### Dataset section
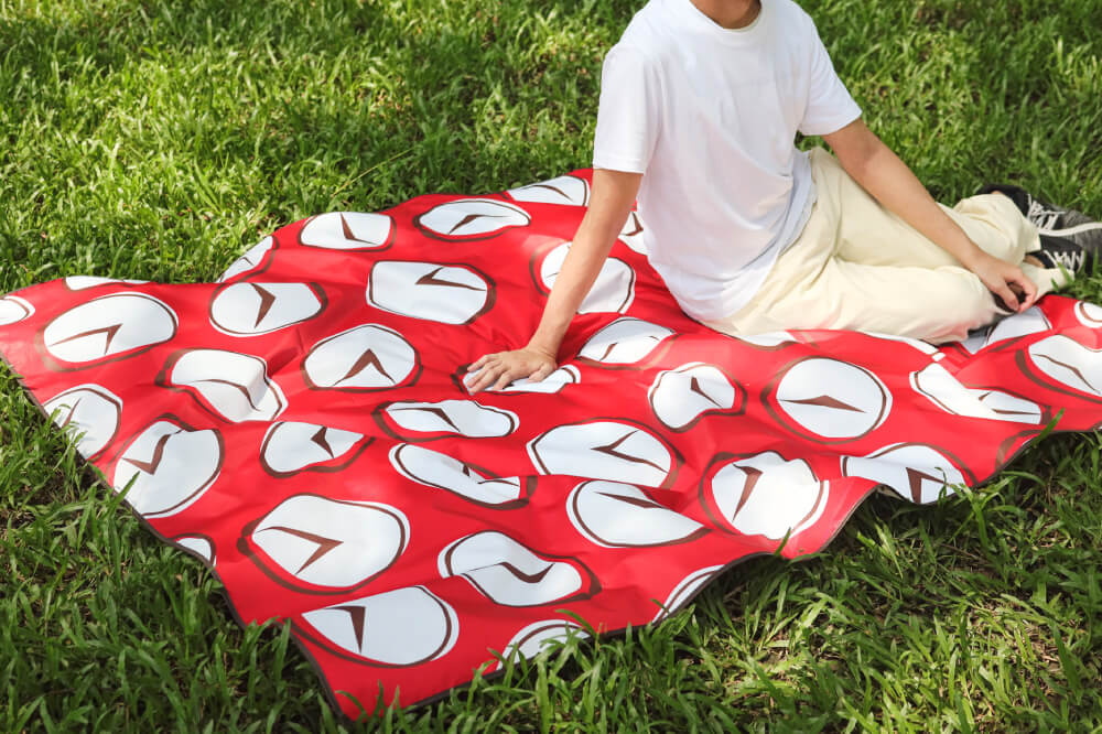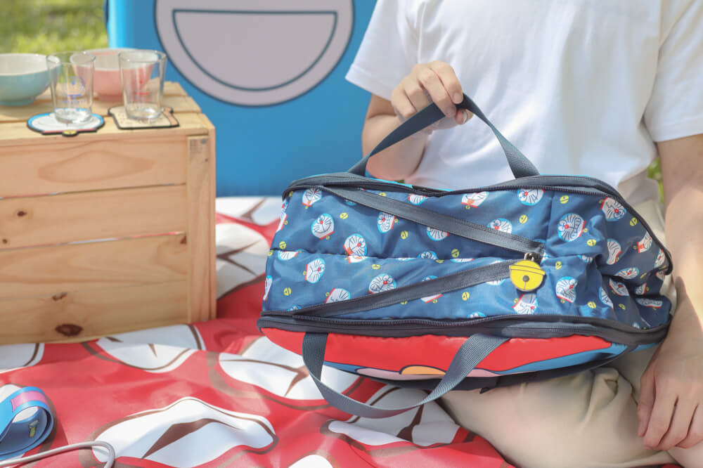 這款野餐墊融合人氣經典道具「時光巾」(時光布)的圖案,140×180公分的大尺寸,好朋友可一起坐在上面野餐、看熱氣球,可捲收收納,外出輕便,展開就是哆啦A夢的懷舊時光。
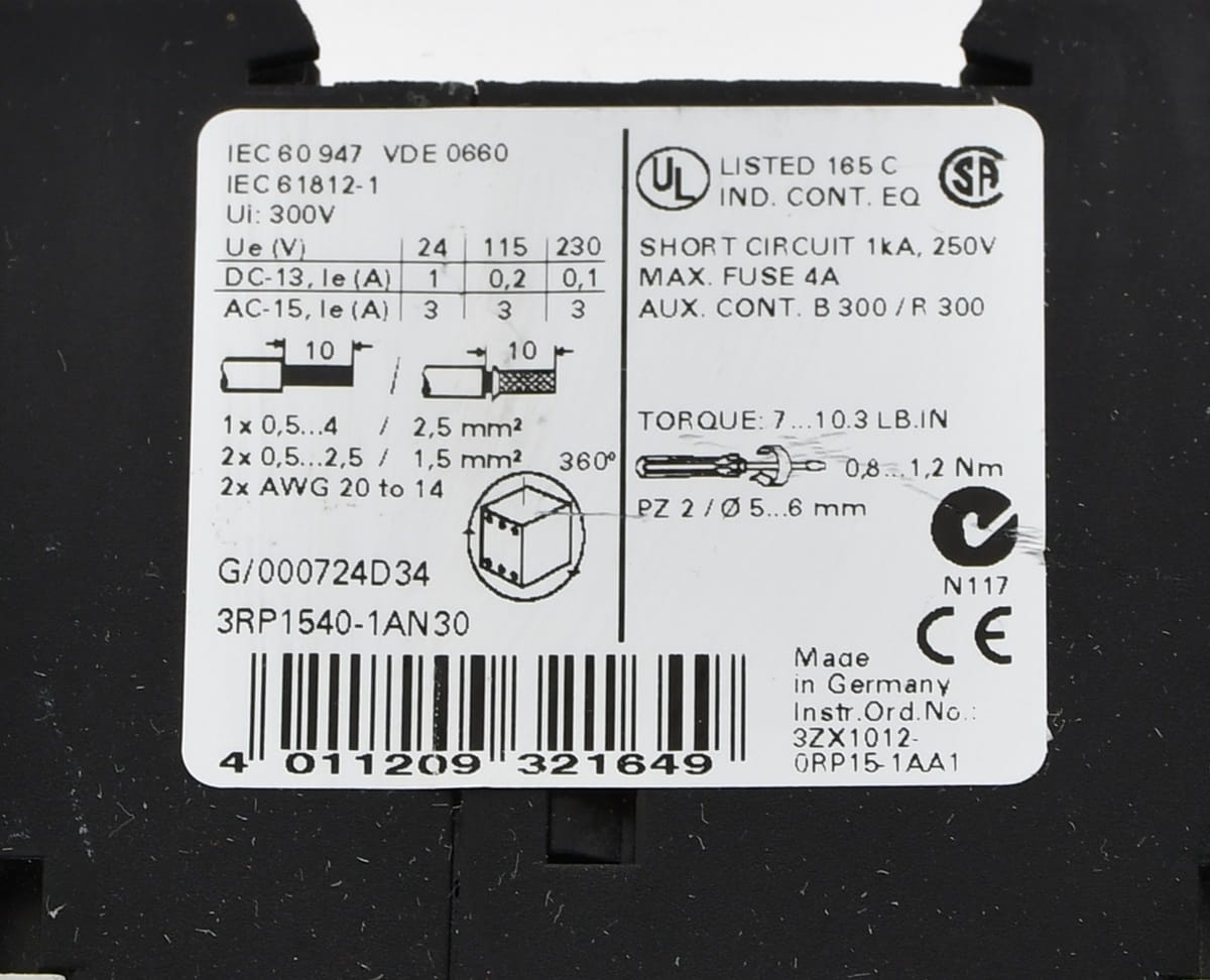 Używany, całkowicie sprawny element o oznaczeniu: 3RP1540-1AN30 produkt firmy Siemens. Przekaźnik czasowy w funkcji OFF-DELAY, nastawa czasu w 7 zakresach 1-100s. Sterowanie AC.DC 200...240V. Pochodzi z demontażu całkowicie sprawnych maszyn przemysłowych.
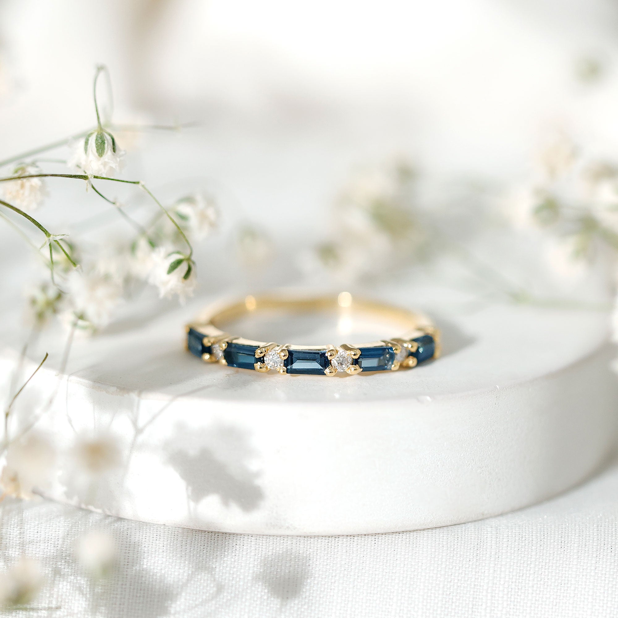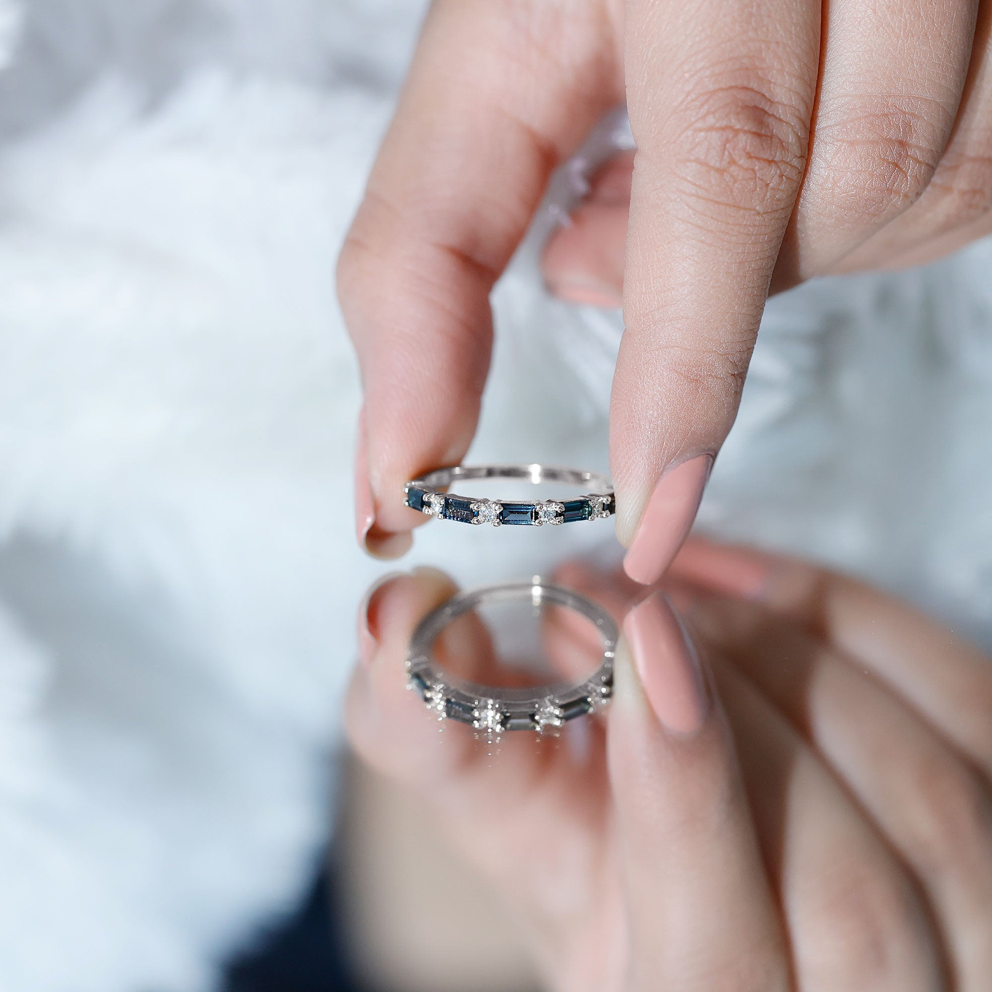 Sleek and petite, this London Blue Topaz Ring allows you to indulge in its mesmerizing allure, which is a stunning combination of sophistication and style. The Baguette Cut Blue Topaz, set in an East West Prong Setting, along with the Diamond set in a continuous band, radiates elegance and charm. Capture everyones attention with this exquisite Half Eternity Ring, a true reflection of enduring style, ideal for those who appreciate sophistication and wish to leave a lasting impression. This December Birthstone Ring can be worn alone for a minimalist appearance or combined with other rings for a more striking look. It guarantees the AAA Quality of London Blue Topaz and Hi-Si Diamond, ensuring that the gemstones are certified. Embrace timeless elegance and captivating beauty with this Half Eternity Ring. Whether it enhances an engagement ring or serves as a wedding band, this Baguette Cut Eternity Band signifies a new journey filled with love and dedication. Its meaning is profoundly significant when presented as a gift during important moments such as proposals or milestone anniversaries. Offered in a variety of ring sizes, this Stacking Ring guarantees a perfect fit for every hand eager to display everlasting love. Packaged in a signature jewelry box, it is a gift that is sure to leave a lasting impression. Whether for a wedding, anniversary, or any special event, this Topaz Stackable Band conveys love with a brilliance that cannot be overlooked. It combines classic style with a modern twist, making it ideal for those who appreciate their sparkle with a hint of uniqueness.

### Problem to work on
What is needed is a word-for-word copy of the lines from the start of the data to the line with "Używany, całkowicie sprawny", inclusive, with no pictures in it.

### Solution to the exercise
 這款野餐墊融合人氣經典道具「時光巾」(時光布)的圖案,140×180公分的大尺寸,好朋友可一起坐在上面野餐、看熱氣球,可捲收收納,外出輕便,展開就是哆啦A夢的懷舊時光。
 Używany, całkowicie sprawny element o oznaczeniu: 3RP1540-1AN30 produkt firmy Siemens. Przekaźnik czasowy w funkcji OFF-DELAY, nastawa czasu w 7 zakresach 1-100s. Sterowanie AC.DC 200...240V. Pochodzi z demontażu całkowicie sprawnych maszyn przemysłowych.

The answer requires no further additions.